Nyree Kindred: 'I let the cheering lift me − and I just swim'
The swimmer tells Emily Dugan about the week she won silver in the 100m S6 backstroke
Emily Dugan is Social Affairs Editor for The Independent, i and Independent on Sunday. She was previously a news reporter for The Independent on Sunday. Her investigations into human trafficking have twice been awarded Best Investigative Article at the Anti-Slavery Day Media Awards and her human rights journalism was shortlisted for the Gaby Rado Memorial prize at the 2012 Amnesty Media Awards. Emily is on sabbatical until March 2015
Sunday 02 September 2012
Sunday We didn't arrive in the village until last night and this is a rest day, so I spend most of the day unpacking, doing a tour of the village and orienting myself. It's great to see the other team members and catch up. In the evening I need some carbs, so we all go to the food hall to have some pasta. The food hall is great because you can get anything you'd ever want to eat, but there's so much temptation that you have to be disciplined and eat what you normally would. Me and my husband, Sascha, are both at the village but we're sleeping in different rooms. We're here with teammates and want to be with them.
Monday In the morning we speak to our daughter, Ella, who is one, and has been staying with friends and my mother-in-law. She's better in the mornings and we speak to her on Facetime so she can see us too. I train in the morning, doing a race prep session and a few sprints. I've only been doing one session a day, so I spend the rest of the day resting. I chat to friends on the computer and watch television. It's all about resting when you're competing in a few days' time, so you're just focusing on what you've got to do.
Tuesday We go to the team's welcome ceremony. Tanni Grey-Thompson and Craig Hunter are there to welcome us officially to the village. The dancers are brilliant and it's especially good for those of us who couldn't go the Opening Ceremony because we're competing the next day. It actually felt like a mini-Opening Ceremony. This games is very different because it's all about the British athletes, and the volunteers are all cheering you on.
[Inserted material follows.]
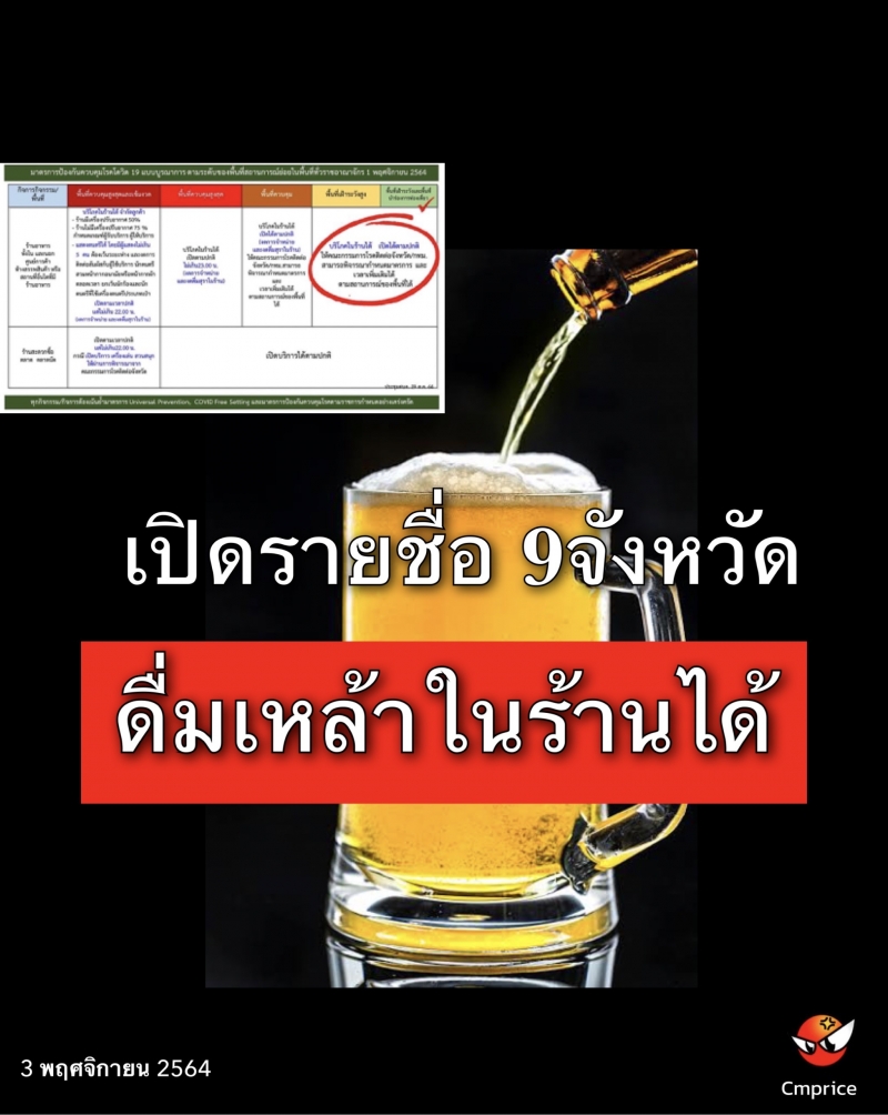 เมื่อวันที่ 3 พ.ย. 64  ศูนย์ข้อมูล COVID-19 ได้แถลงข่าวประจำวัน และในแถลงมี บางช่วงได้กล่าวว่า  "อนุญาตให้ดื่มแอลกอฮอล์ ในร้านอาหารได้" โดยให้ จังหวัดที่เป็น พื้นที่สีเหลือง/เขียว และ พื้นที่เฝ้าระวังสูงพื้นที่นําร่องท่องเที่ยว (พื้นที่สีฟ้า)  ยกเว้นเชียงใหม่   และต้องอิงประกาศของแต่ละจังหวัด

People shout "good luck" to us when we walk past and say they're excited to watch us compete.
Wednesday I do my final race preparation in the morning, then go back to the apartment and look through my good-luck cards and photos of Ella. I've had lots of cards but my favourite is a book that my friends made, called the Due in June book, as it's from all my friends who gave birth at the same time. Everyone has written a message, and there are photos of them with their kids all dressed up in GB kits and flags. I rest and get my packing done for my race. I put in my costume, as well as spare suits, goggles and clothes. In the evening I watch the Opening Ceremony in the apartment with some of the other girls who couldn't go, until 10. I go to bed before I have a chance to see GB parade. I'm sad to miss it, but the important thing is to race. I put my earplugs in − I knew the fireworks would be going off − so I sleep brilliantly.
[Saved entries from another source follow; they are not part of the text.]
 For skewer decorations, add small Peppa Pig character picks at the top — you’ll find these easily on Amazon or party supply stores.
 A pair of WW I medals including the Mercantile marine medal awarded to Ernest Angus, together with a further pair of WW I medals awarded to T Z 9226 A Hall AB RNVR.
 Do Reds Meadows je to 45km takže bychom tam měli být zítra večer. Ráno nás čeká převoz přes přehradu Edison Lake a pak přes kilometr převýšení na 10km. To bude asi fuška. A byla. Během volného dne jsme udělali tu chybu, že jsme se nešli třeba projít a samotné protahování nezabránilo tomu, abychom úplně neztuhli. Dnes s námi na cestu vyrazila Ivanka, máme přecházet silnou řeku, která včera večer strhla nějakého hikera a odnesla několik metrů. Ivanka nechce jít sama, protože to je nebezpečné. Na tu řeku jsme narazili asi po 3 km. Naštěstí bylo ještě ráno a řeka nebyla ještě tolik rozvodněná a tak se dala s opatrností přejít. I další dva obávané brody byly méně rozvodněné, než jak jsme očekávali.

Thursday My team mates can't believe I've slept through the fireworks because they were so loud. I get up early because I can never be late for anything, so I'm over at the pool by 7.15 in time to race at 9.30. I don't feel so much pressure because I'm first up but I know the crowd might be a bit louder than normal. It's an awesome atmosphere. As I get on the block it's such a loud cheer − even louder than I expected. Everyone is shouting GB. In the final race it's even louder. Once you're in the pool it's muffled, but you can still hear it. I let it lift me and just swim and get a silver medal, which I'm pleased with. I had a year out to have my baby and I've only had a year of training, so to qualify for the Paralympics, do a personal best and get a silver medal − all with a one-year-old − I couldn't ask for more than that. I'm buzzing about what I've just done − it's the best experience of my life. My daughter is so excited when she sees me on the big screen, and starts waving. She gets a bit upset that she can't get to me so I go to see her and give her a cuddle. It's a special moment because it's the first time I've seen her in 12 days.
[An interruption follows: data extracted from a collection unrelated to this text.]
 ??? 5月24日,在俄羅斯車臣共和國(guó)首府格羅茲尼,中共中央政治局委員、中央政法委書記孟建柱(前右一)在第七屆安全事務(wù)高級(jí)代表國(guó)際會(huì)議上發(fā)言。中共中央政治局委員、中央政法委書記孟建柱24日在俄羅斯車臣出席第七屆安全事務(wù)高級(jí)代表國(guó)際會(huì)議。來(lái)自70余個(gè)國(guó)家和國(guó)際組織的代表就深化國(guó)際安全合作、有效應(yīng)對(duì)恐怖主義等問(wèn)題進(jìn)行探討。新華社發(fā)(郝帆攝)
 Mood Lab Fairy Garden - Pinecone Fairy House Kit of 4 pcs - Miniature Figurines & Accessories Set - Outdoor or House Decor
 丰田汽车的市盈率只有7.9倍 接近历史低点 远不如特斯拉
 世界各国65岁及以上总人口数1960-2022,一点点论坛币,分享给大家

Friday I go straight to GB House to do media interviews, and then I finally get to see my family, which is fantastic. My mum, both my brothers, their partners and children are all there. My friend who has been looking after my daughter − along with my mother in law − is there too. Ella runs over to me and is really pleased to see me. In the afternoon and evening I head to the pool and cheer on the rest of the team.
Saturday My husband is my main focus today. I watch Sascha do his heats on the TV in the morning then go and get my nails done and go over to GB House. I get ready to cheer him on in the evening. We have GB hats, hairbands and flags which we wave, and when he comes in I scream as loud as I can. I sit with the team to cheer him on and then go and see Ella, who is sitting up with Sascha's mum.